The DriftLess⁺ technology is an improved version of the initial DriftLess technology invented & patented by TNO. This technology estimates and subsequent compensates for the offsets (biases) of any type of sensor that measures a vector quantity.
Examples of such sensors are: accelerometers, gyroscopes, magnetometers, gravimeters etc.
In many cases, the offsets on the output of these sensors pose a serious problem. Especially when the outputs of the sensors are numerically integrated, unknown offsets may be disastrous.
A patent application for this new DriftLess⁺ technology is being prepared.
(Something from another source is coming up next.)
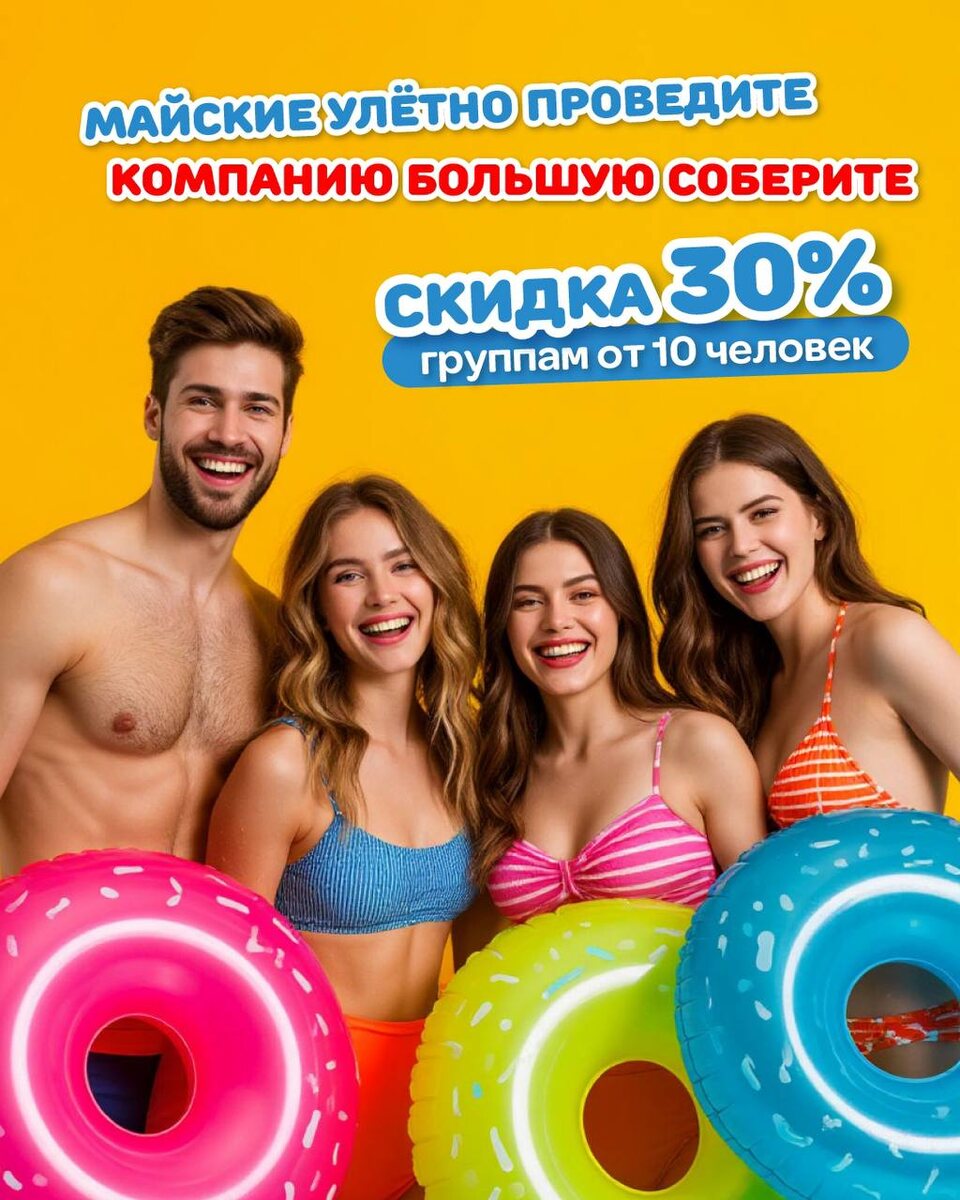 Длинные майские праздники - идеальный повод для долгожданной приятной встречи с друзьями и близкими!🔥 Самое время запланировать улётный отдых - собирайтесь дружной компанией, бронируйте посещение заранее и приезжайте в аквапарк весело отдохнуть! 🤩 Для дружных компаний от 10 человек у нас действуют специальные условия: ✅скидка 30% для групп от 10 человек даже в выходные и праздничные дни ✅индивидуальный инструктаж для вашей компании ✅проход в аквазону без очереди ✅яркие приключения с друзьями ✅возможность заказать вкусный комбо-обед для всей группы на фудкорте аквапарка Выбирайте удобную дату для своей компании и оставляйте заявку на нашем сайте или по телефону: 📞8(8422)240-550 Пусть эти праздники запомнятся вам невероятными впечатлениями, яркими водными приключениями и классным отдыхом! 🏖 #аквапарк #аквапаркульяновск #аквапаркулёт #бассейныульяновск #бассейнульяновск #бассейнподоткрытымнебом #кудасходитьульяновск #водныегоркиульяновск #водныегорки

The basic operation of the technology is depicted in the figure on the right. Two sensor units are used. Each sensor unit consists of one or more sensing axis. In general, each sensor unit has three sensing axes (x, y and z).
Both sensor units are rotated by some rotation mechanism, controlled by a processing unit. Both sensor units measure the same input quantity x̅ (the line above the x denoting its a vector quantity).
The sensor output signals s̅₁ and s̅₂ are processed by the processing unit. This processing unit estimates the offsets and compensates for it, resulting in the corrected sensor output y̅.
More detailed information about the basic operation of the DriftLess technology can be found in a paper. Another paper describes the benefits of this technology in an INS/GPS integrated navigation system.

Using this technology, the offsets of the sensors are estimated. This is done continuously during operational use. If the offsets change, for instance caused by sensor temperature changes, the changing offset is immediately estimated and compensated for. The results is that the offsets are virtually completely eliminated, leaving only a small remainder.

Images on the left: prototype of a DriftLess⁺ corrected sensor system. The unit outputs acceleration and rotation rate in 3 axes (x,y &z). In this specific version of the prototype, only the biases of the x & y axes are corrected. So, this version of the DriftLess⁺ system is a 2D-version, which is particularly usefull in near 2D-navigation systems found in most AGV's. The technology itself obviously allows the estimation of the biases of all three axes.
This prototype is based on very low-budget sensor chips (MPU6000), but the resulting unit acts as an IMU with very low residual bias (gyro's less then 10 deg/hr and accelerometers less then 1 mg). Dimensions of the unit are approximately 7x5x4 cm.
The technology clearly shows how a high performance IMU can be build, based on low-performance (and low-budget) sensor chips.

Images below: Allan Variance (AV) of the uncorrected and bias corrected gyroscopes. The Allan Variance is a measure of the stability of the biases. Initially, the method was developed to characterise the stability of crystal oscillators, but nowadays it is also widely adopted to characterise the stability of inertial sensor biases. As can been seen, the uncorrected gyros have have increasing bias variations at long averaging times. After compensation, the slow/long term bias variations including static bias is eliminated.


The DriftLess⁺ technology has been tested in an AGV-application. A small demonstrator-AGV has been made with a navigation system that only used odometry (wheel sensors). As expected, the navigation solution rapidly drifted away, in the order of 10 cm/m, or 10% Distance Travelled (DT). Using DriftLess⁺ corrected gyros, the navigation solution drasticly improved to an order of 0.2% DT. Results of the demonstration can be found in a white paper.